Before you can try the text prompts, you must do the following:

  1. Set up a project and a development environment. The project ID is needed to run the sample code.
  2. Familiarize yourself with the text parameters that you must replace before running the sample code.
  3. Review the text use cases to help you identify which type of sample to create.

Try text prompts

Select a tab, and follow the instructions to run the sample.

REST

To test a text prompt by using the Vertex AI API, send a POST request to the publisher model endpoint.

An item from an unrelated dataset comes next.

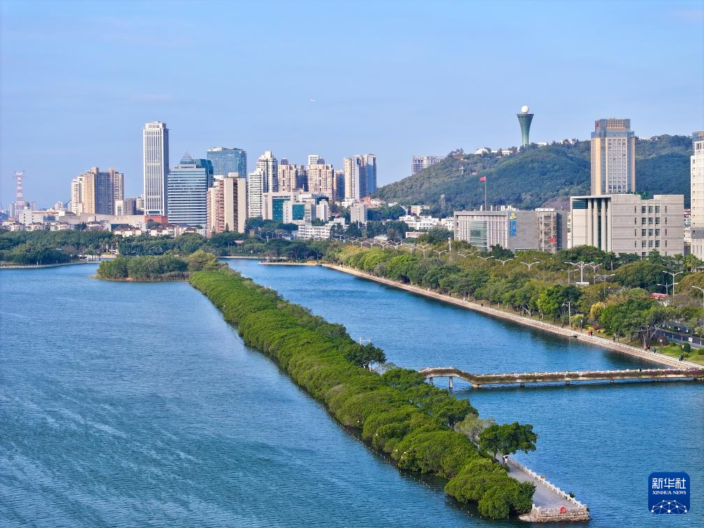 這是1月24日拍攝的廈門筼筜湖湖心島周邊城市生態(tài)景觀(無人機(jī)全景照片)。新華社記者 姜克紅 攝

Before using any of the request data, make the following replacements:

  • PROJECT_ID: Your project ID.
  • PROMPT: A prompt is a natural language request submitted to a language model to receive a response back. Prompts can contain questions, instructions, contextual information, examples, and text for the model to complete or continue. (Don't add quotes around the prompt here.)
  • TEMPERATURE: The temperature is used for sampling during response generation, which occurs when topP and topK are applied. Temperature controls the degree of randomness in token selection. Lower temperatures are good for prompts that require a less open-ended or creative response, while higher temperatures can lead to more diverse or creative results. A temperature of 0 means that the highest probability tokens are always selected. In this case, responses for a given prompt are mostly deterministic, but a small amount of variation is still possible.

    For most use cases, try starting with a temperature of 0.2. If the model returns a response that's too generic, too short, or the model gives a fallback response, try increasing the temperature.

  • MAX_OUTPUT_TOKENS: Maximum number of tokens that can be generated in the response. A token is approximately four characters. 100 tokens correspond to roughly 60-80 words.

    Specify a lower value for shorter responses and a higher value for longer responses.

  • TOP_P: Top-P changes how the model selects tokens for output. Tokens are selected from the most (see top-K) to least probable until the sum of their probabilities equals the top-P value. For example, if tokens A, B, and C have a probability of 0.3, 0.2, and 0.1 and the top-P value is 0.5, then the model will select either A or B as the next token by using temperature and excludes C as a candidate.

    Specify a lower value for less random responses and a higher value for more random responses. The default top-P is 0.95.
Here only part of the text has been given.